Hello All,
I am trying to fix someones code which fails due to hard-coding with the date ranges.
call symput ('count_range', 'count&file_dt1.-count20200501
count20200430-count20200402');
call symput ('balance_range', 'chd_current_balance_&file_dt1.-chd_current_balance_20200501
chd_current_balance_20200430-chd_current_balance_20200402');
Output : count20200520-count20200501 count20200430-count20200402 chd_current_balance_20200520-chd_current_balance_20200501 chd_current_balance_20200430-chd_current_balance_20200402
The failure is caused whenever there is a sparsity of the data in the repository in this case the data for 20200519 was missing, which is uncommon but happens sometimes. (To give a little credit to the original developer , this code was meant to be run only for few days and he/she took a short cut ).

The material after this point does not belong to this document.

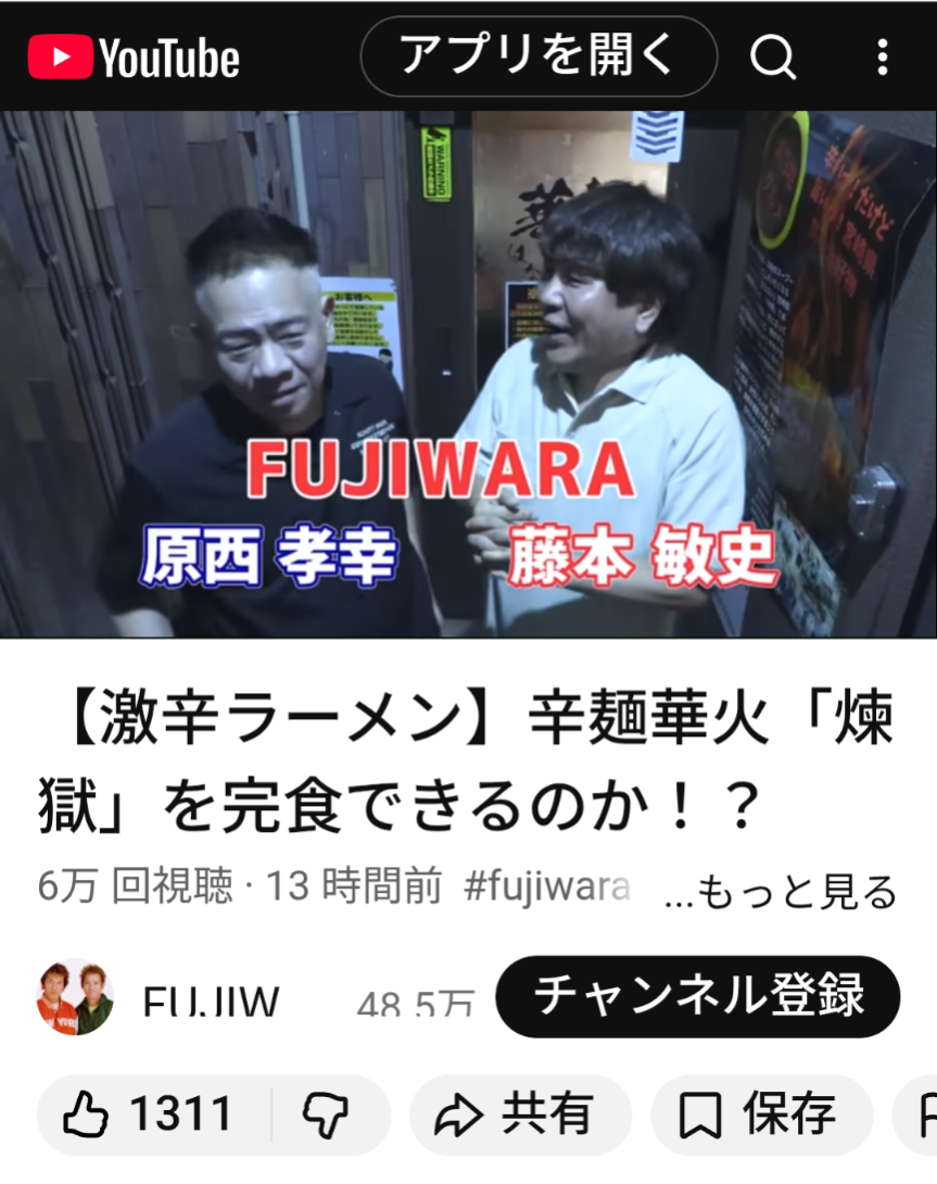 辛麺 華火さんが昨夜20時公開のFUJIWARAさんのYoutube channelで紹介されましたFUJIWARA 超合キーン上記リンクからご視聴いただけましたら幸いでございます。

One approach that might work is a Proc SQL Code which lists all the available dates (I am yet to test this )
proc sql noprint; select distinct cats('count',put(enrollment_dt,yymmddn.)) , cats('chd_current_balance_',put(enrollment_dt,yymmddn.)) into : count_range separated by ' ',:balance_range separated by ' ' from in.repository_current where ^ missing(enrollment_dt); quit;
I am wondering if there is a way to replicate the date ranges similar to the original formats used in the code :
chd_current_balance_20200501-chd_current_balance_20200518 chd_current_balance_20200520 count20200501-count20200518 count20200520
Creating a range till the data is continuously available and either list the subsequent values after the break or create a new range.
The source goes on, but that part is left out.